Soaring school fees are forcing expatriate parents in Dubai to send their children home for schooling, a report has claimed, raising concerns that families may be increasingly discouraged from moving to the UAE.
The Dubai Chamber of Commerce and Industry, which has monitored the cost of consumer goods and services for the past three years, said that the number of Dubai residents aged 10 to 19 in the country was “unusually low”, suggesting that teenagers may be sent away for education.
The problem was most prevalent in the Asian community, for whom the cost of education has grown “much higher” in Dubai than at home, particularly in secondary schools and universities, the Chamber said.

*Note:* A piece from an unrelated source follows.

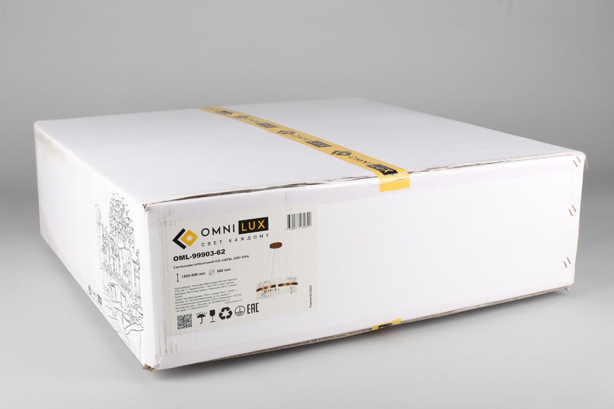 Осветительный прибор выполнен в стиле Современный. Подходят лампы с цоколем LED мощностью 62 Вт, количеством 1 шт. Цвет модели OML-99903-62: Прозрачный.

“With the recent price escalations in the cost of education, more and more families are having no choice but face the reality that they cannot afford the cost of education in Dubai, and they have to send their teenage children home for higher education,” it said in its monthly economic bulletin.
However, the Knowledge and Human Development Authority, which regulates school fees in Dubai, said that it may be a lack of school places forcing them to return home.
A spokesman for the KHDA said: “We have received no letters or e-mails from schools or parents that the fees structure has forced them to return to their home country.
“We have a good relationship with our stake-holders, and certainly no school owner has come to us with this problem.”
The spokesman did, however, say that the department was “concerned that parents are returning to their home countries because they cannot find school places for their children in certain stages and in certain curriculum schools”.
Secondary school fees increased by 25.2 per cent this year, the chamber said, while primary school fees rose by 18.7 per cent. University costs increased by 14.2 per cent. The rise was particularly steep considering increases were limited to 2 per cent in primary and secondary schools in 2006.
In 2007, there was an 11.6 per cent average increase for primary schools, and 15.4 per cent for secondary schools.
The chamber estimated that school fees now range from Dh3,000 to Dh58,000.
“The schools here continue to increase the fees and we have no choice but to pay. We can’t register a complaint or any such thing but we just have to pay quietly,” said Shekhar Amin, whose daughter is a grade 4 student studying in a private school in Dubai. “As my daughter grows up, educating her here would become more and more unaffordable.”
“We just plan to educate here for a year longer after which we would return to India. Schools in India are much better and we can get the same education at a much cheaper rate there.”
The KHDA highlighted a shortage of places in English national curriculum schools for ages 16 to 18.
“We are aware that demand is outstripping supply,” the official said. “This is exacerbated by the fact that not all of the new schools scheduled to open this year and next year will do so because of delays in construction, something that is suffered by all sectors in Dubai.”
The KHDA official added that “we work closely with other Government departments to support the growth of education in Dubai and that increased costs does not slow the growth of the school sector. For example we liaised with the Dubai Real Estate Corporation to slowly phase in rent increases that could have affected seven schools dramatically.”
The KHDA assumed responsibility from the Ministry of Education for setting school fees in Dubai last year, allowing institutions to raise their prices by up to 16 per cent.
However any school that did raise tuitions by the maximum was not permitted to raise fees further this year.
Previously, schools were allowed to raise fees by 20 per cent over a three-year period.
An exemption has been granted to embassy, not-for-profit, and internationally accredited schools, which are regulated on a case-by-case basis
According to the KHDA, 43 per cent of schools increased fees in 2007, most by 16 per cent. This year, just 31 per cent of schools were allowed to make further increases, as many reached their quota in 2007.